Alex Tsado of Alliance4AI has been unambiguous on the infrastructure dimension. As quoted in a recent analysis published by Persfinance: “With zero GPUs in your country, I don’t know how you are sovereign.” That single observation captures the material basis of the problem. Talent and infrastructure are not separable issues. Engineers who want to build serious AI systems need access to compute, and without local data centre capacity, much of that compute must be rented from foreign cloud providers, adding cost and dependency.

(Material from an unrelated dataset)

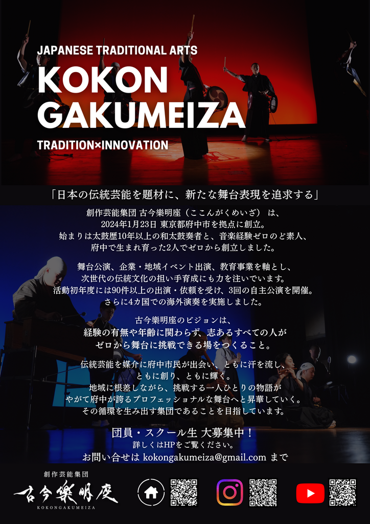 本公演は、「神隠し」をテーマに、日本の伝統芸能が織りなす幻想的な舞台作品です。和太鼓、薩摩琵琶、長唄三味線、日本舞踊といった多彩な表現が融合し、静けさと躍動が交錯する独自の世界観を描き出します。

The African Union’s Continental AI Strategy, adopted in July 2024, stresses ethics, inclusion, and human rights. Yet as ODI researchers have noted, there is almost no trained workforce currently positioned to operationalise those principles in practice. A strategy without the engineers to implement it is a policy document, not a plan.
Rethinking the Narrative
Some researchers argue that the “brain drain” framing obscures a more complicated picture. The ODI analysis suggests policy-makers should embrace the trend as “brain circulation” rather than brain drain, and incentivise returning professionals to mentor, invest, and launch startups locally. The African in diaspora has historically played a role in seeding tech ecosystems by providing capital, networks, and knowledge transfers that would not otherwise exist.
That perspective is not wrong, but it does not resolve the core tension. Circulation requires the existence of something worth returning to, such as institutions, infrastructure, capital, and compensation structures that can compete, at least partially, with what global firms offer. Without those foundations, circulation becomes a comforting label for a one-directional flow.
Some governments are beginning to move. Egypt graduated 1,300 new AI trainees in July 2025, according to a Column content analysis, representing a deliberate state investment in human capital. Kenya’s National AI Strategy, covering 2025 to 2030, aims to position the country as a continental AI hub through infrastructure development and improved data governance frameworks. Rwanda has invested in data centre capacity and positioned Kigali as a connectivity hub. Nigeria, for its part, has yet to articulate a national AI strategy with comparable implementation specificity.
What the Gap Actually Costs
The risk is not merely that Africa falls behind in a global race. It is more specific than that. Language models trained without African data will not serve African users accurately. Healthcare AI built without African clinical datasets will miss disease patterns that are regionally specific. Agricultural tools designed without African farming contexts will misread land use, crop cycles, and climate variables. These are not hypothetical concerns; they describe the current state of most AI products being deployed across the continent today.
Less than 3% of the global AI workforce is currently based in Africa, which means the overwhelming majority of people making consequential design decisions about how AI systems behave have no professional stake in getting African contexts right. The engineers who could correct that imbalance are being trained, in growing numbers, across the continent. Whether they end up building systems for Africa or building systems about Africa for someone else depends on decisions that are less technical than they are political, institutional, and economic.
The capacity exists. What remains uncertain is whether the conditions to retain and deploy it will be created in time.